On Saturday, the government confirmed the outbreak after 3,900 chickens were found dead at the farm in the prefecture, some 900 kilometres (558 miles) southwest of Tokyo.

But it was still not clear if the outbreak involved the H5N1 strain, which is potentially deadly to humans.

Agricultural officials of the prefecture culled the remaining 8,100 chickens at the farm on Sunday, and all 12,000 birds there will be incinerated.

They also put the farm under a massive sanitation program while ordering 11 other poultry farms within a 10-kilometer (six-mile) radius not to move chickens and eggs.

Meanwhile, the Hong Kong government banned all poultry imports from Japan.

Hong Kong, which was the scene of the world's first reported major bird flu outbreak among humans in 1997, imported some 1,800 tonnes of frozen poultry products from Japan from January to September last year.

Japan confirmed an outbreak of the H5N1 strain of bird flu in January 2004.
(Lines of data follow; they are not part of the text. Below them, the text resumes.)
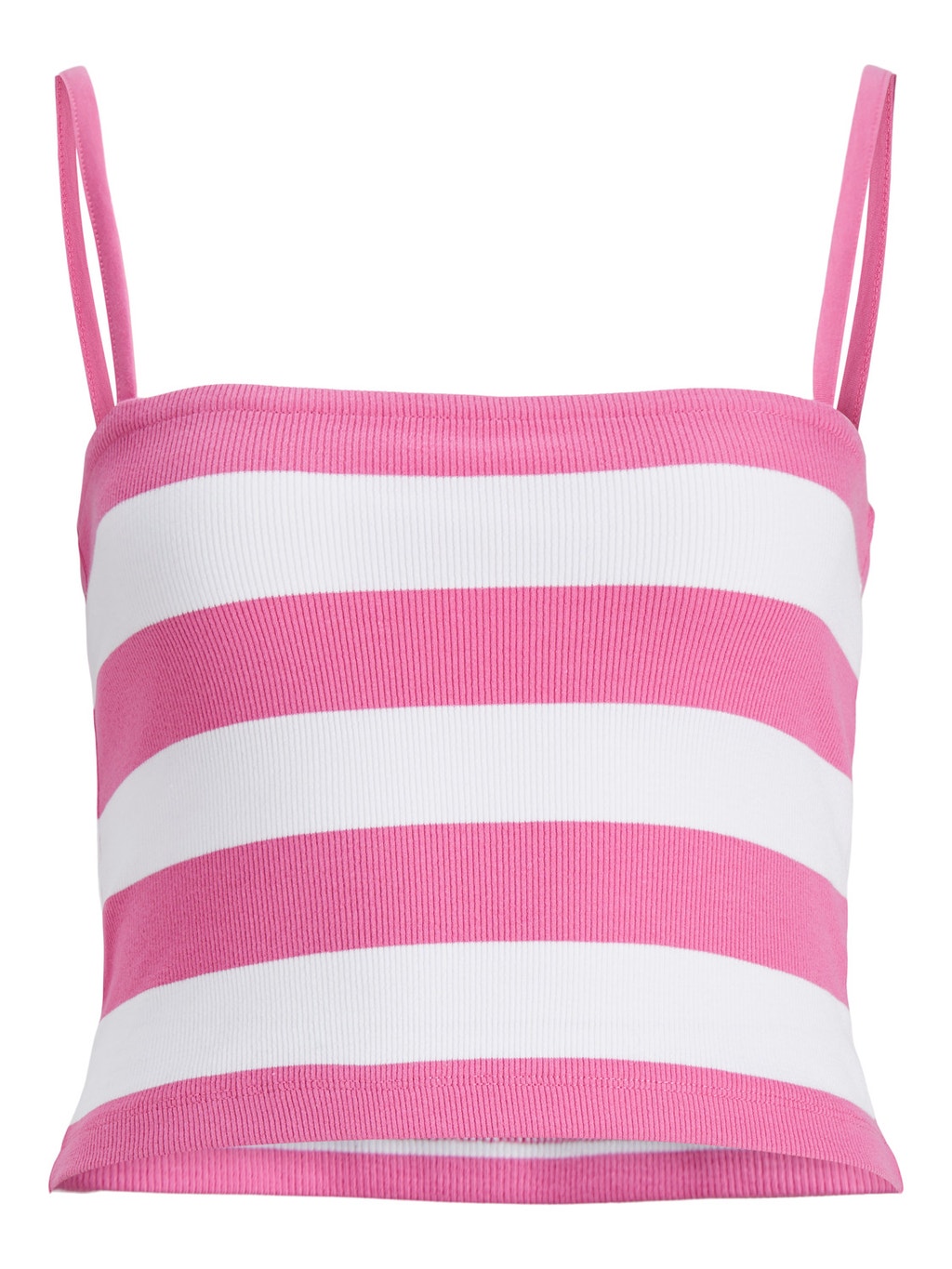 Top da donna, scollo dritto, spalline piccole, fantasia a righe, tessuto in costine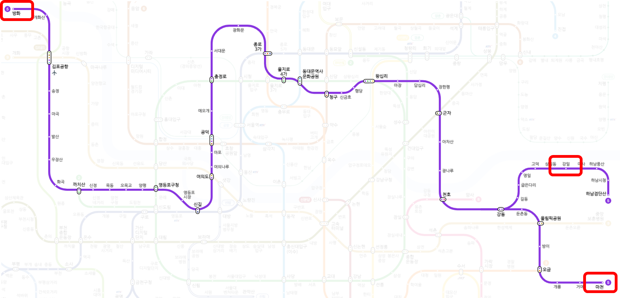 전구간 이용 가능 : 2호선, 6호선, 8호선, 9호선, 우이신설선, 신림선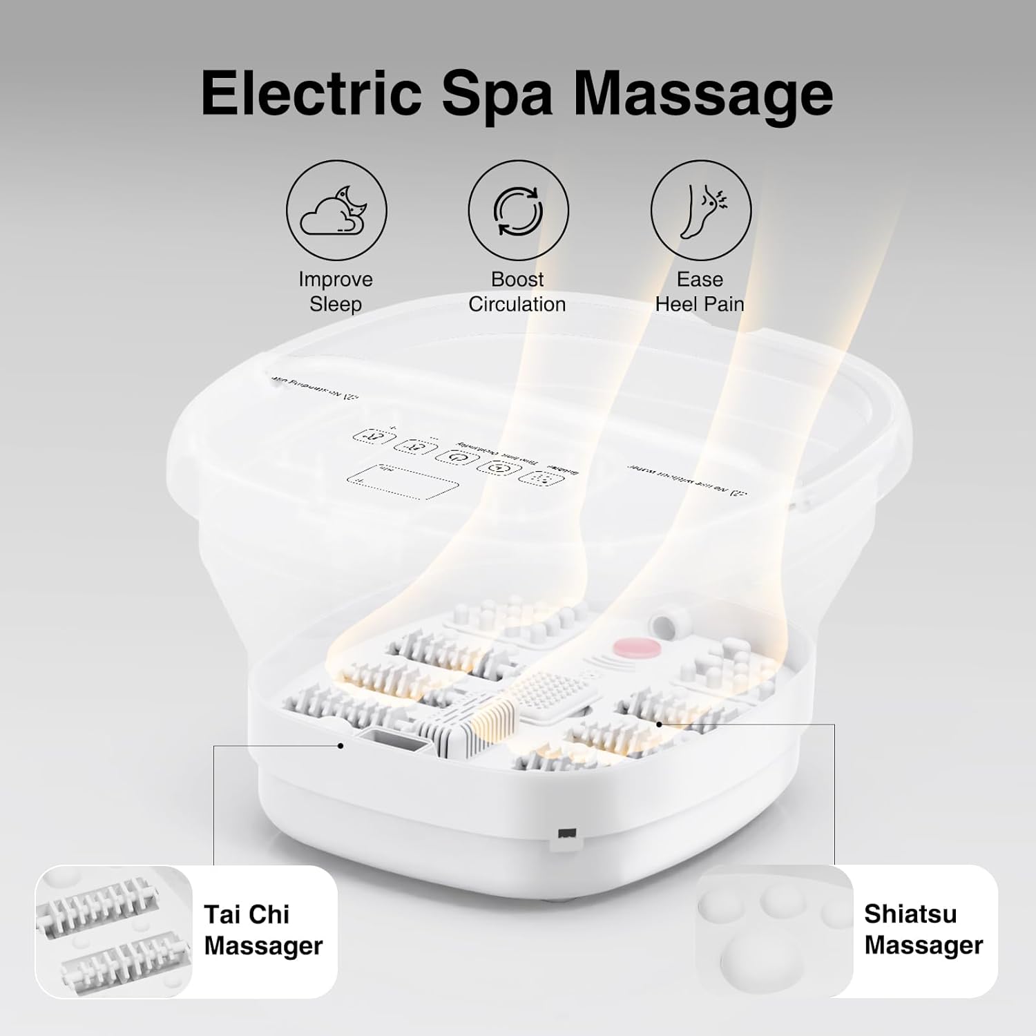 - Heated Foot Spa with Precision Temperature Control.Enjoy a soothing pedicure foot spa foot massager that maintains consistent warmth between 95°F and 118°F with 1℃ precision.The intelligent reheating function keeps water at your chosen temperature without frequent refills.This foot bath is ideal for reducing stress,enhancing sleep quality,and creating a relaxing home spa experience after work or workouts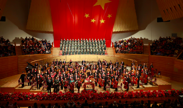 昨晚的音乐会现场,巨幅红旗下,上交男女乐手分别佩戴红色领结和丝巾,将音乐会现场点缀成一片喜悦的海洋。音乐会以在中国共产党领导下的中国革命历程为轴线,选取反映各个历史时期、特别是1949年新中国成立后有着深厚群众基础的歌曲,并邀请著名作曲家邹野操刀,用交响音乐的手段创作整理,使这些原创中国红色经典作品具有更强大的叙述性和戏剧性,展现中国红色魅力。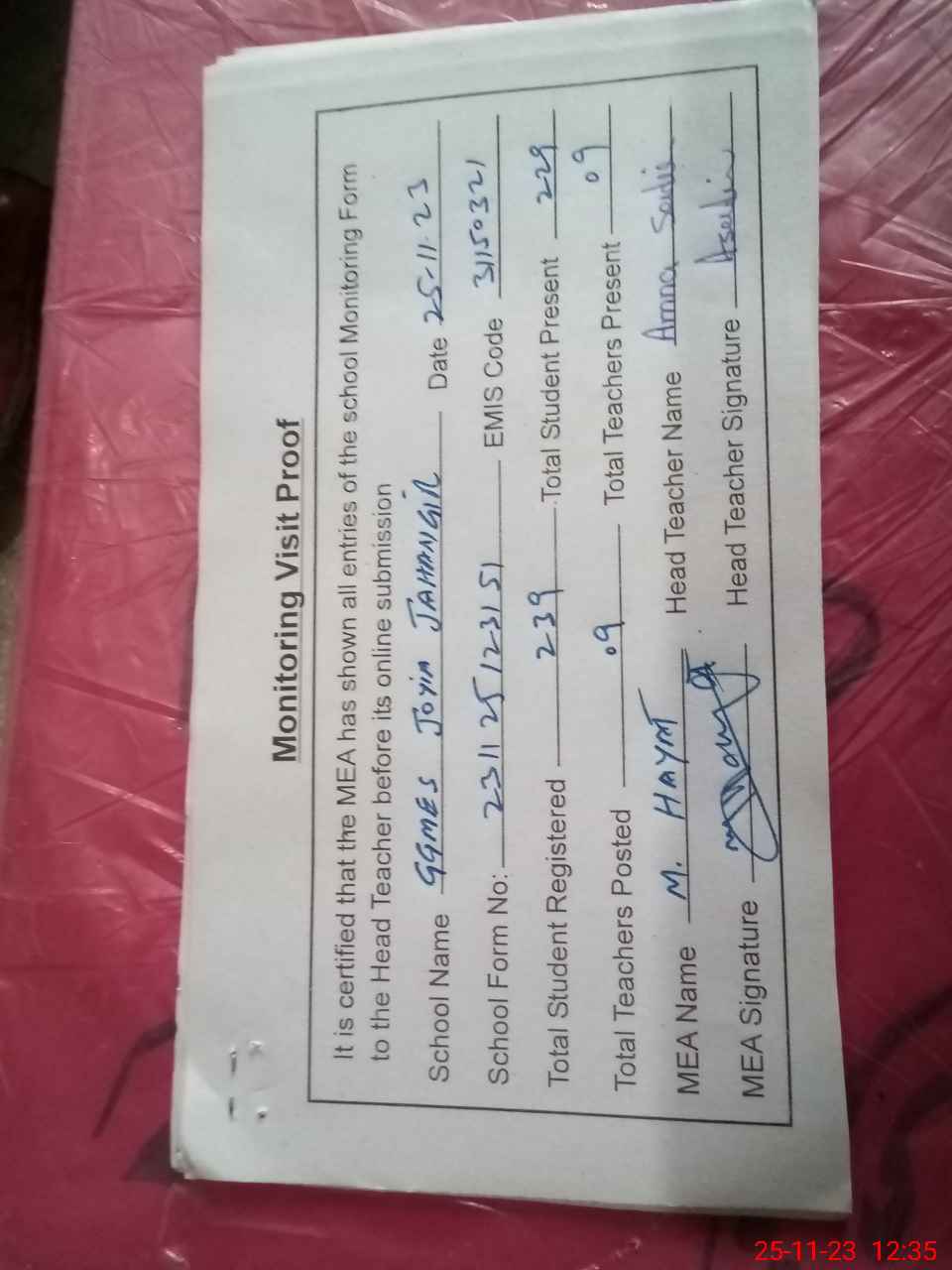 | Attendance Register | Head Teacher | MEA with School | Visit Proof |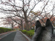 秋も深まり 11.21クリスマスイブに匹敵する記録的な冷え込み。バルトのお散歩道の桜並木は、錦秋の装いを冬支度にむかって脱ぎ去ろうとかと逡巡しているようす。バルトは、夕涼みに近い意気揚々ぶりで逍遙三昧。 |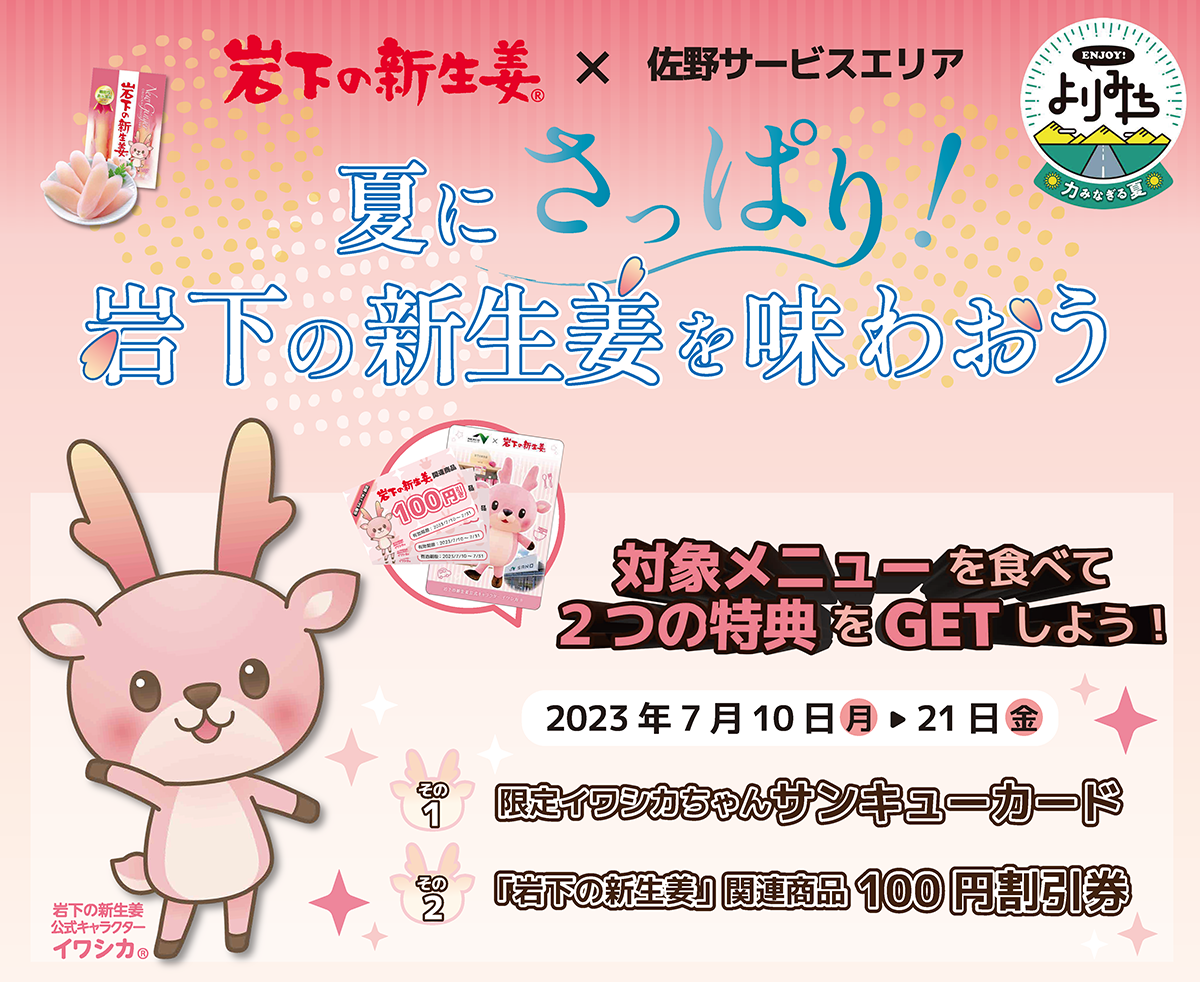 - 夏にさっぱり!岩下の新生姜を味わおう『岩下の新生姜×佐野SA』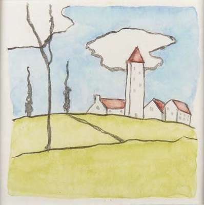study for 'The Little Town of Never Weary' c.1917watercolour and pencil

Since then, the nation has seen several more cases of outbreaks of the H5N1 strain as well as the less serious H5N2 virus.

Health experts have warned that four bird flu deaths in Indonesia and a spate of new poultry outbreaks in Vietnam and elsewhere in Asia are signs the virus could make a resurgence this northern winter.

Bird flu has killed more than 150 people worldwide since late 2003. There are fears it could mutate and trigger a deadly, global pandemic.